• Supplied information:
# # # # # # #

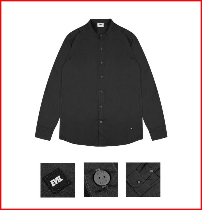 Kemeja Lengan Panjang Polos Pria Hitam Evil Army Gazete A25 Black
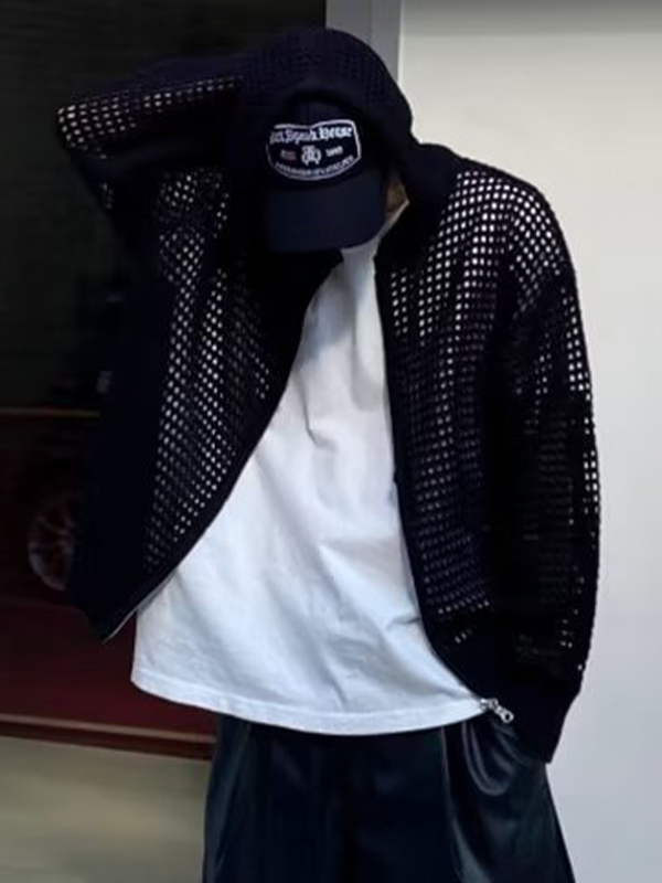 Übergroßer gestrickter Kapuzenpullover mit Cutout und Reißverschluss für Herren
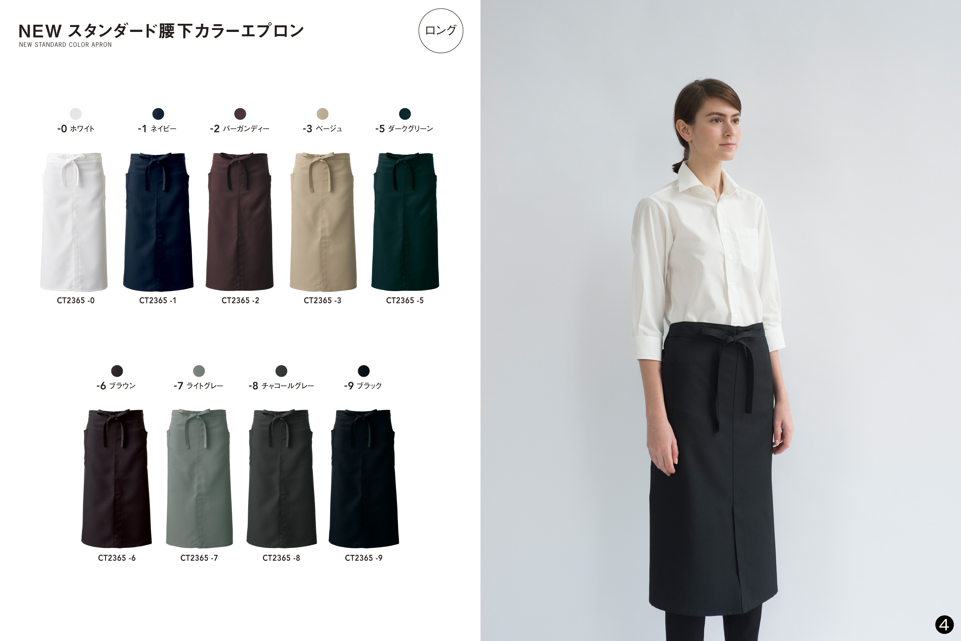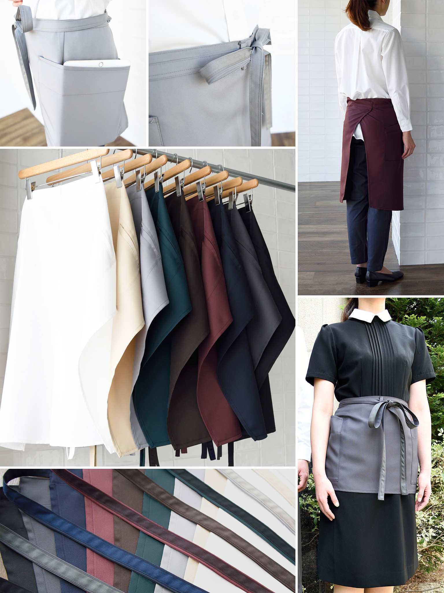 ユニフォームにおいて、サイズ選びは重要です。エプロンも着用する人の身長とエプロンの丈のバランスによって、その印象は全く変わります。この腰下エプロンは、素材感を活かしたシンプルなデザインのため、少し長めのシルエットになる様に着用していただきたいエプロンです。そのためミドルとロングの丈違いをご用意していますので、ぜひ身長に合った丈サイズを選んでください。カラーパレットは特に濃色の色表現にこだわって、白や黒のフォーマルなシャツはもちろん、私服をベースにした仕事着とも相性の良い、シックで落ち着いた色で揃えました。
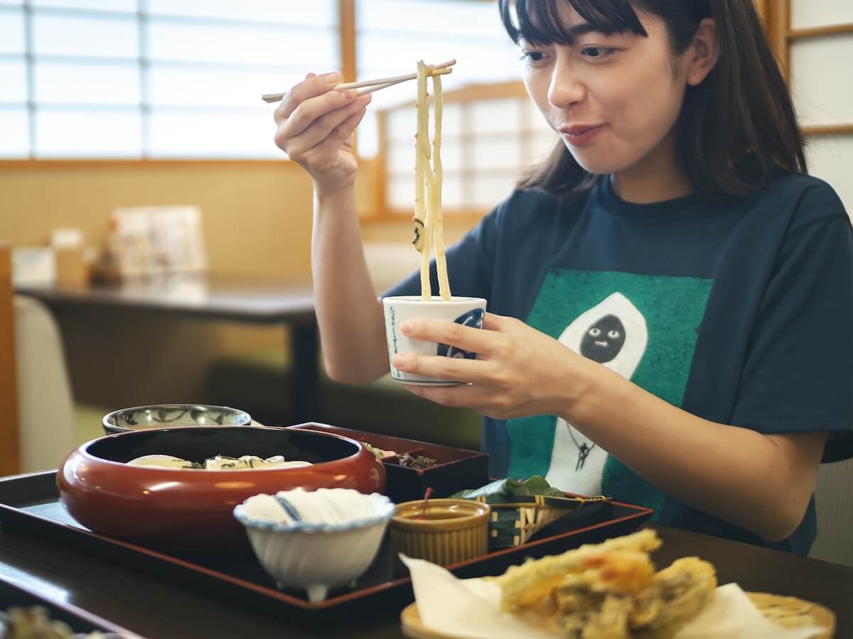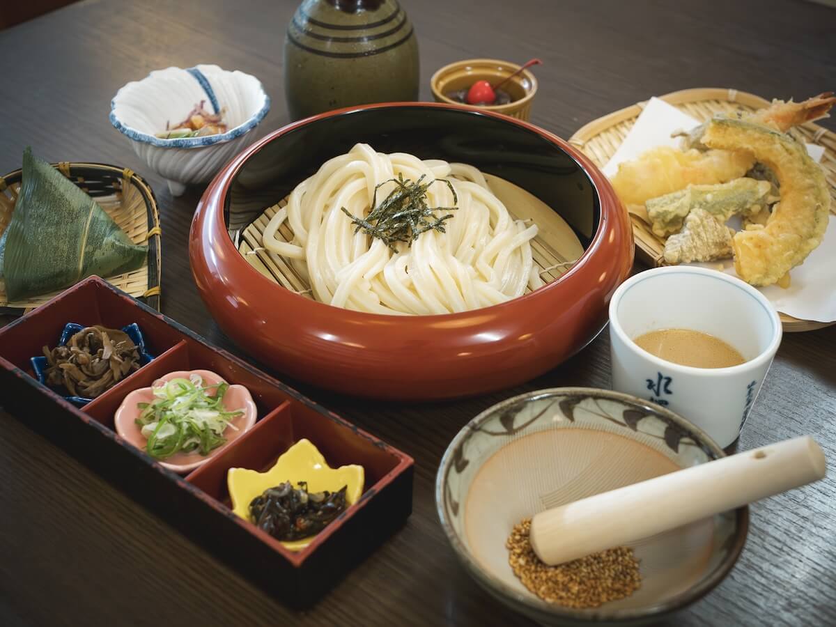 水沢山を下ると、目の前に現れるのは「水沢うどん街道」。古刹・水沢観音の門前には名店がずらりと軒を連ねています。ここで味わえる水沢うどんは、香川の讃岐、秋田の稲庭と並ぶ“日本三大うどん”のひとつ。400年以上の歴史を誇り、小麦粉・塩・水だけで打たれる麺は、つややかでコシが強く、ツルリとした喉ごしが魅力です。
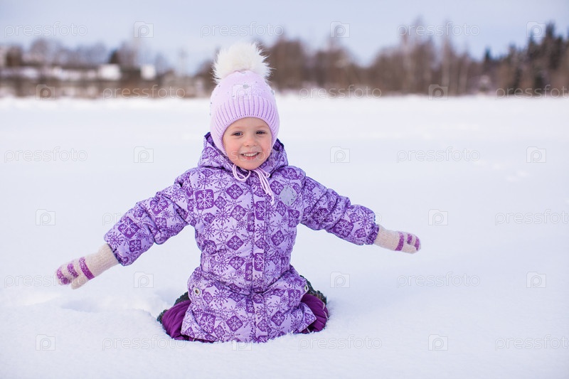 Маленькая счастливая девочка в зимней одежде
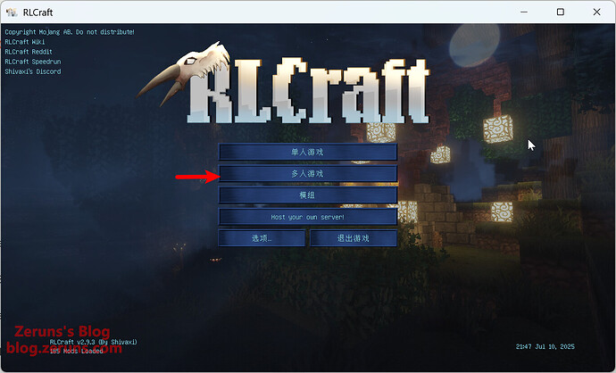 首先需要下载好《RLCraft》的服务端和客户端,可以去CurseForge下载,也可以从我下面的链接下载(我提供的已加入汉化补丁)。

# # # # # # #

• Problem description: Leave out the pictures and repeat the lines from the start of the material through the line with "ユニフォームにおいて、サイズ", inclusive.

• Exercise solution:
 Kemeja Lengan Panjang Polos Pria Hitam Evil Army Gazete A25 Black
 Übergroßer gestrickter Kapuzenpullover mit Cutout und Reißverschluss für Herren
 ユニフォームにおいて、サイズ選びは重要です。エプロンも着用する人の身長とエプロンの丈のバランスによって、その印象は全く変わります。この腰下エプロンは、素材感を活かしたシンプルなデザインのため、少し長めのシルエットになる様に着用していただきたいエプロンです。そのためミドルとロングの丈違いをご用意していますので、ぜひ身長に合った丈サイズを選んでください。カラーパレットは特に濃色の色表現にこだわって、白や黒のフォーマルなシャツはもちろん、私服をベースにした仕事着とも相性の良い、シックで落ち着いた色で揃えました。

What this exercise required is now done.